The default directory to extract the bucket metadata and mounts to is /default/save/path/resen_amber2.
>>> Would you like to specify and alternate directory? (y/n): y
>>> Enter path to directory: /new_save_path

Aside from the existing mounts, you can add new mounts to a imported bucket. This is useful if you would like to repeat the analysis with a different dataset:

>>> Mount additional storage to the imported bucket? (y/n): y
>>> Enter local path: /new/local/path/new_mount
>>> Enter bucket path: /home/jovyan/mount/new_mount
>>> Enter permissions (r/rw): r
>>> Mount additional storage to /home/jovyan/mount? (y/n): n

Similar to create, you have the option to start jupyter lab immediately after the bucket is imported:

>>> Start bucket and jupyterlab? (y/n): y
...starting jupyterlab...
Jupyter lab can be accessed in a browser at: http://localhost:9003/?token=70532767bab0ddc4febe2790efaaf974961e961e78e6025a

Sudo-enabled buckets

When starting a bucket with resen, sudo is enabled for the jovyan user to allow special installation and configuration where root security privileges are needed.
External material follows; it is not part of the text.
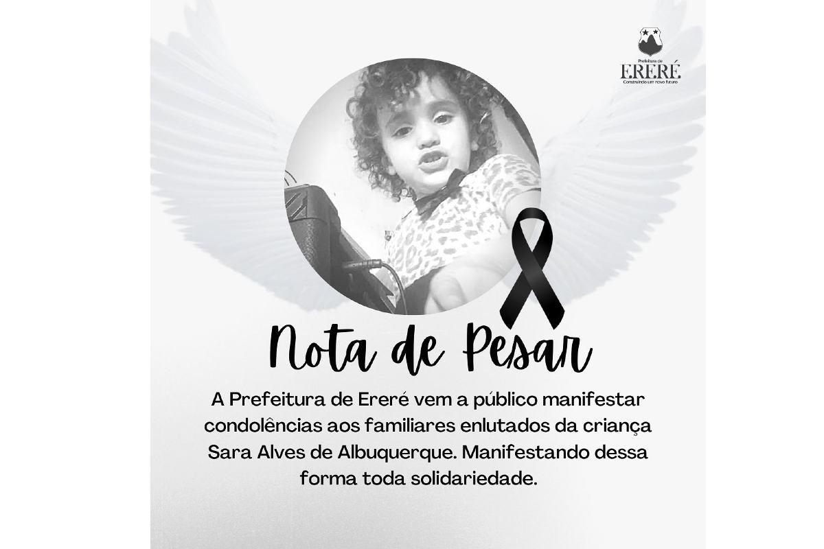 A prefeitura da cidade de Ereré divulgou uma nota de pesar pelo falecimento de Sara. Estava escrito: “O Governo do Ereré manifesta profundo pesar pelo falecimento da criança Sara Alves de Albuquerque. A mesma era atendida pelo programa Criança Feliz de Ereré”, se referindo ao programa social que a menina participava”.

The password for running sudo commands with user jovyan is: ganimede.

Remove a Bucket

WARNING: This will permanently delete the bucket. Any work that was not saved in a mounted storage directory or downloaded from the bucket will be permanently lost.

The user can delete a bucket with the following command:

[resen] >>> remove amber

A bucket that is running needs to be stopped before being removed.